While in detention, Henry helped to organize a hunger strike, the second at the facility, by sending messages from the kitchen to other “pods” of detainees who were meeting with religious groups from the outside. They sent them notes on slips of paper, asking if they would help support them in a hunger strike to expose the injustices that were occurring inside the facility. Those who worked in the kitchen or laundry room sent notes to other leaders, arranging a time to meet in the library to plan their demands and what action they would take. For three days, Henry said around 900 detainees refused to eat, himself among them. “I chose to [participate in the hunger strike] because [I saw] other people suffering, people not receiving medical care, minors arriving at the detention center without anyone having checked that they’re under age… there were many calamities… we had to do something.
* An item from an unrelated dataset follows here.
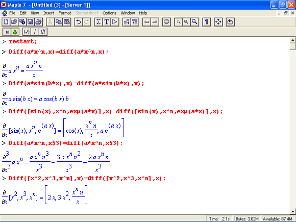 Вычисление производных функций fn(x) = dfn(x)/dxn n-го порядка — одна из самых распространенных задач математического анализа. Для ее реализации Maple 7 имеет следующие основные функции:

One person by himself can’t do anything but together we can do a great deal.”

After the third day of the hunger strike, the ICE field office director met with some of the detainees to ask what they wanted. They described the problems with conditions at the facility, the high bonds ($7,500 was common), and that people without criminal records were being placed in detention. They promised changes, but Henry reflected that they should have gotten them in writing because “they ignored us and many things have not changed.”

After being released from detention, Henry continued to communicate with leaders inside the detention center to organize a third hunger strike at the facility. He helped coordinate with other advocates to amplify the voices of the people inside the facility by protesting outside, and connecting with advocates for hunger strikers at GEO immigrant detention facilities in the U.K. “The treatment of undocumented people is unjust,” Henry said. “We did the hunger strike… principally because they are breaking up families.”

Thinking of the children separated from one or both of their parents, and the trauma it causes them gives him strength to continue fighting for meaningful reform to the immigration system. “Not only in detention centers, but in the entire U.S. the system is bad,” Henry said. “Private prisons are causing harm.”

Henry now lives with his brother near Seattle and has received a human rights award for his continued advocacy for immigrants detained at the Northwest Detention Center.